> [Your instructions]
What you return should be the complete data below, word for word, with no pictures in it.
─── Given data ───
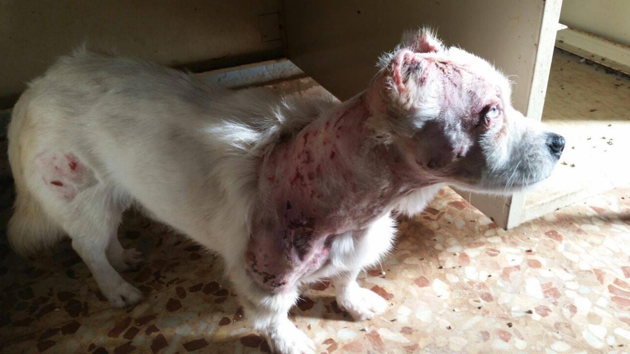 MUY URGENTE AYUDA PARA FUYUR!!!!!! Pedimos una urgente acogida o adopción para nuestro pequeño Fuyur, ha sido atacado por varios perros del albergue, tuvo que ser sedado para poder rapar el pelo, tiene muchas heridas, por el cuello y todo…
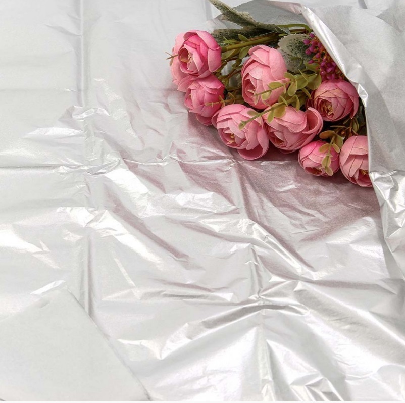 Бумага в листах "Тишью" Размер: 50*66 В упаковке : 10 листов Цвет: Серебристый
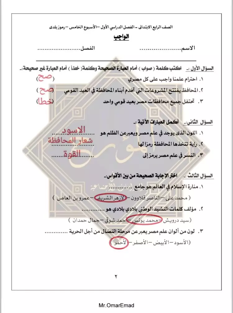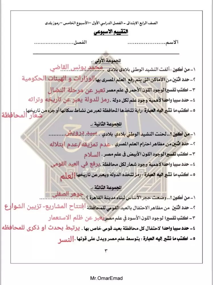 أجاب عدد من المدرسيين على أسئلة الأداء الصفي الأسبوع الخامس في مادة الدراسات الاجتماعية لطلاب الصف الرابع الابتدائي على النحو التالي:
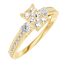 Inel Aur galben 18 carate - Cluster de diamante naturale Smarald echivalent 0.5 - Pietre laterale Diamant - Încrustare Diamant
───
> [Exercise answer]
 MUY URGENTE AYUDA PARA FUYUR!!!!!! Pedimos una urgente acogida o adopción para nuestro pequeño Fuyur, ha sido atacado por varios perros del albergue, tuvo que ser sedado para poder rapar el pelo, tiene muchas heridas, por el cuello y todo…
 Бумага в листах "Тишью" Размер: 50*66 В упаковке : 10 листов Цвет: Серебристый
 أجاب عدد من المدرسيين على أسئلة الأداء الصفي الأسبوع الخامس في مادة الدراسات الاجتماعية لطلاب الصف الرابع الابتدائي على النحو التالي:
 Inel Aur galben 18 carate - Cluster de diamante naturale Smarald echivalent 0.5 - Pietre laterale Diamant - Încrustare Diamant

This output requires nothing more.